I agree completely, Karter. Tesla apparently monitors voltage on every group of paralleled cells, ie. Each of which acting as a single cell of larger capacity. I think that's what your original plan was, GoElectric, and that's what I'd do.

The Lee Hart bridge is a simple and inexpensive balance check, but I wouldn't substitute it for a real cell level BMS. The real benefit of a BMS is worry free charging to near full useful pack capacity. That's a wonderful and valuable safety feature for an expensive pack.


----------



## GoElectric (Nov 15, 2015)

Hi. Well, there is Tesla alright. Nobody knows what they really do, except that they have two charge modes, and I can do that with the PLC. I am having a Tesla BMS board sent up so my EE can have a look at it tho. Yes, I suppose they are doing top-balancing, but EVWest is not - why?? 

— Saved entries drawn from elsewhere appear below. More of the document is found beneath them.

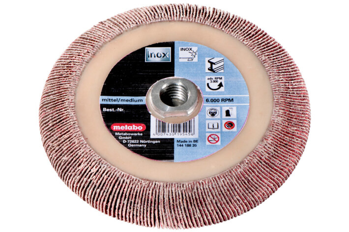Пластинчатий шліфувальний круг з прямими профільованими пластинами особливо придатний для обробки кутових зварювальних швів. Профільовані пластини, розташовані радіально у формі віяла, дуже добре підходять до контурів деталі. Ідеально пасує для отримання рівномірних зварювальних швів. Вигнута форма забезпечує використання також в важкодоступних місцях.Висока потужність знімання при довгому терміні експлуатації завдяки використанню керамічного зернаВідмінні результати при шліфуванні поверхонь та країв звичайної та високосортної сталі. Завдяки здатності витримувати високі навантаження ідеальний для найважчих шліфувальних робіт, таких як обробка високолегованої сталі, титанових сплавів, сплавів з нікелю, а також хромової та хромонікелевої сталі, латуні та бронзи.Шліфування без нагрівання для матеріалів з поганою теплопровідністюМакс. число обертів: 10000 об/хв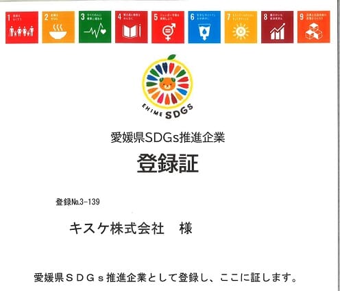 愛媛県のホール企業・キスケは8月1日、愛媛県が創設した「 愛媛県 SDGs 推進企業」の登録を更新したことを発表した。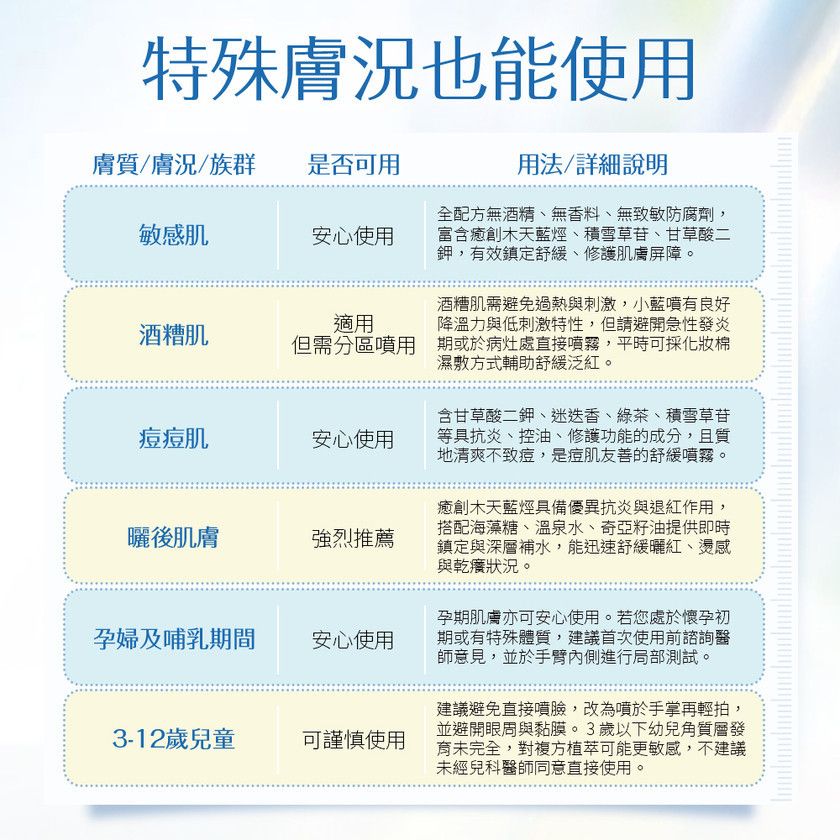 -癒創木天藍烴、富山溫泉水、積雪草等舒緩成分,一噴降溫修紅,緩解不適膚況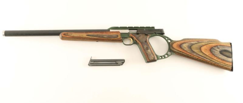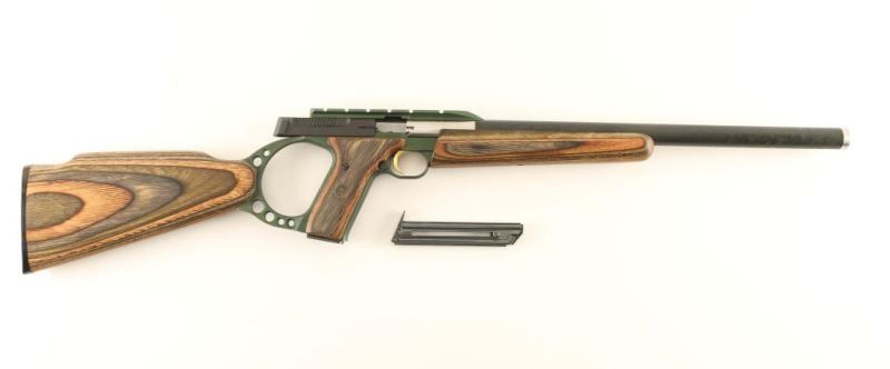 SN: 213MY05828 'Forest Green Limited Edition' Scarce limited production variation of the semi-automatic rifle chambered in .22 Long Rifle, circa 2002. Green & matte black finish, 18" carbon composite bull barrel with no provision for sights, scope rail, gold trigger, push button magazine release, 10 round magazine, thumb safety, and green laminated wood stocks. Includes a spare magazine. Rifle shows light handling marks and scuffs. Action is smooth, bore is pristine and wood stocks are fine. Condition is excellent. ***Modern Firearm***

As I said, things evolve. I'm listening. The PLC has other uses too, so could always add a top-balancing BMS. Can someone tell me the benefit of top-balancing?? I can't figure it out, simple as that. Perhaps if one or more of the 74P cells fails?? Perhaps that is the reason? Drift? This could happen because of temperature variations, but I am going to circulate coolant something like 10 minutes out of every hour, so all the cells in all of the packs should stay at the same temperature. If need-be, I can circulate all the time (10W).

All cells will be monitored.

Thanks.


----------



## GoElectric (Nov 15, 2015)

I re-read everything. Thanks again for the useful replies. This is a DISCUSSION board.

I realised afterwards if one of a 74P cell dies, top balancing still won't do anything - I'm still limited by the lowest-capacity "cell."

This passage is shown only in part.